Step 3: high temperature thermal reduction
Silica was reduced to nano-silicon particles using aluminothermic at 600 ℃. Specifically, the porous carbon material deposited by ALD is placed in a high temperature reactor, and then aluminum is thermally reacted with silicon dioxide by heating the reactor. At high temperatures (e.g., 600 ℃) the silica will be reduced to nano-silicon particles, forming a mixture of silicon carbon negative electrode material and alumina with porous carbon, such as the 6 nm SiO 2/2.5 nm Al metal nanolaminate formed in the carbon matrix of fig. 1. The nano silicon particles can enter the pore canal of the porous carbon, so that gram capacity of the silicon carbon anode material is improved. In this embodiment, on one hand, the reaction temperature is reduced by metal reduction of the silicon dioxide, and on the other hand, the remaining metal oxide layer can bind the tubular silicon material to enable the silicon to extend along the length direction of the mesopores to limit radial volume expansion. The carbon matrix is also protected without carbothermic reduction in the third aspect, so that the strength of the carrier limiting the volume expansion of the porous silicon is weakened when carbon atoms are converted into CO 2 in the carbothermic reaction, and the performance and the cycle life of the silicon-carbon anode material are improved.
Example 2
Based on the embodiment 1, the precursor A and the precursor B in the steps (7) - (8) in the embodiment 1 are replaced by AlCl 3 and AlH 2(tBuN)CH2CH2(NMe2 respectively, the temperature of a reaction chamber is set to be 100 ℃, and the step (8) is repeated for 1 time to obtain the Al layer with the coating layer thickness of 0.4 nm. And (3) repeating the steps (5) to (8) for 5 times, coating the holes of the porous carbon matrix with alternating SiO 2 layers and Al layers for 8nm, and reserving holes of at least 34nm for electrolyte transmission.
Example 3
Based on the embodiment 1, the precursor B in the steps (7) - (8) in the embodiment 1 is replaced by TiCl 4, the temperature of the reaction chamber is set to 250 ℃, and the step (8) is repeated for 2 times to obtain the Al layer with the coating layer thickness of 0.5 nm. And (3) repeating the steps (5) to (8) for 5 times, coating the holes of the porous carbon matrix with alternating SiO 2 layers and Al/Ti layers for 8.5nm, and reserving holes of at least 33nm in the holes of the porous carbon matrix for electrolyte transmission.
Example 4
Based on the embodiment 1, the number of repeated coating times in the step (6) in the embodiment 1 is changed to 20, the precursor A and the precursor B in the steps (7) to (8) in the embodiment 1 are respectively replaced by diethyl zinc (DEZ) and FeCl 3, the temperature of a reaction chamber is set to 260 ℃, and the step (8) is repeated for 1 time to obtain a Zn/Fe layer with the coating layer thickness of 0.9 nm. Repeating the steps (5) - (8) for 3 times, coating the holes of the porous carbon matrix with alternating SiO 2 layers and Zn/Fe layers for 8.5nm, and reserving holes of at least 33nm in the holes of the porous carbon matrix for electrolyte transmission.
Example 5
Based on the embodiment 1, the precursor B in the steps (7) - (8) in the embodiment 1 is replaced by diethyl zinc (DEZ)), the temperature of a reaction chamber is set to 150 ℃, and the step (8) is repeated for 3 times to obtain the Al/Zn layer with the coating layer thickness of 0.45 nm. And (3) repeating the steps (5) to (8) for 5 times, coating the holes of the porous carbon matrix with alternating SiO 2 layers and Al/Zn layers for 8.5nm, and reserving holes of at least 33nm in the holes of the porous carbon matrix for electrolyte transmission.
Example 6
In example 1, the precursor SiCl 4 in step (5) can also be replaced with Si (OMe) 4.

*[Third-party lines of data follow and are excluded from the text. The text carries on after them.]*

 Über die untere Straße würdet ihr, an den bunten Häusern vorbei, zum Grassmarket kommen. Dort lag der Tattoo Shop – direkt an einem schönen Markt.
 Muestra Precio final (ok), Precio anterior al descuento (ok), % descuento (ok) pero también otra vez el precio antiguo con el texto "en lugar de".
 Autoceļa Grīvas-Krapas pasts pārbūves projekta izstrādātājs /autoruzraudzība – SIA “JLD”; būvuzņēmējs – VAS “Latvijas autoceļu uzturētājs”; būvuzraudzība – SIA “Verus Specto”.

The electrochemical performance test was performed on the assembled button cell using the silicon-carbon composite anode materials prepared in examples 1 to 6 and a commercial silicon-carbon composite anode (Bei Terui brand silicon-carbon composite anode, BSO-2), respectively.

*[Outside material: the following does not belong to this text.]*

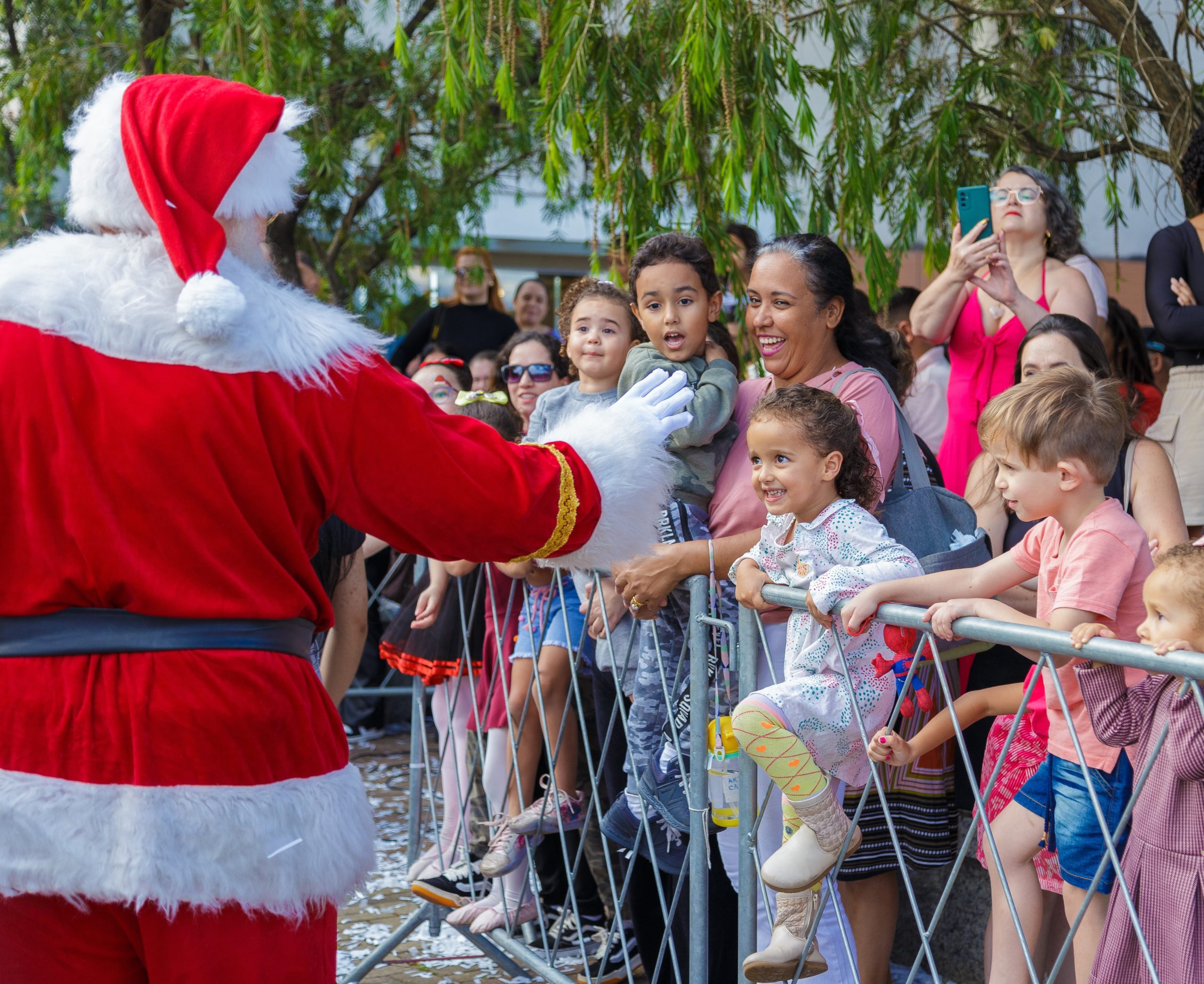 Desde o início da tarde, as famílias aproveitaram atividades gratuitas como pintura facial, distribuição de pipoca e apresentações de dança de escolas e companhias da região, entre elas, Colégio Coin Júnior, SD Ballet, Companhia Julia Pyles, Dancing Soul e Sonhar’t. O ponto alto da programação foi o espetáculo “Natal Congelante”, que envolveu o público em uma narrativa repleta de fantasia e personagens inspirados no universo pré-histórico.

The preparation method of the button cell comprises the following steps:
A composite silicon carbon negative electrode material, carbon black and polyacrylic acid (PAA) were mixed in a ratio of 8:1:1, and dispersing in deionized water to form uniform slurry. The slurry was then cast onto copper foil by doctor blade method and dried in vacuo at 60 ℃ for 12h to obtain a negative electrode tab.
2016-Type coin cells were assembled in glove boxes filled with inert gas, wherein the levels of both H 2 O and O 2 were below 0.1 ppm. 1M LiPF 6 (EC: EMC: DMC=1:1:1, vol%) and 3% FEC were used as electrolyte and PP separator.
Constant current charge/discharge testing was performed at room temperature using a LAND CT2001A battery test system with a charge/discharge voltage window of 0.01-1V and a current density of 200 mA/g.
The porous silicon content in the silicon-carbon composite anode material prepared in example 1 is 35wt%, the average mesoporous pore diameter of the porous silicon is 33nm, the specific surface area is 27.2m 2/g, the initial discharge specific capacity of the porous silicon is 3540mAh/g, and as shown in fig. 2, after 500 times of charge and discharge are cycled at 1C, the specific capacity retention rate is 99%. Whereas the cycle retention of the commercial silicon carbon composite anode at a current density of 200mA/g was 80.8% as shown in fig. 3.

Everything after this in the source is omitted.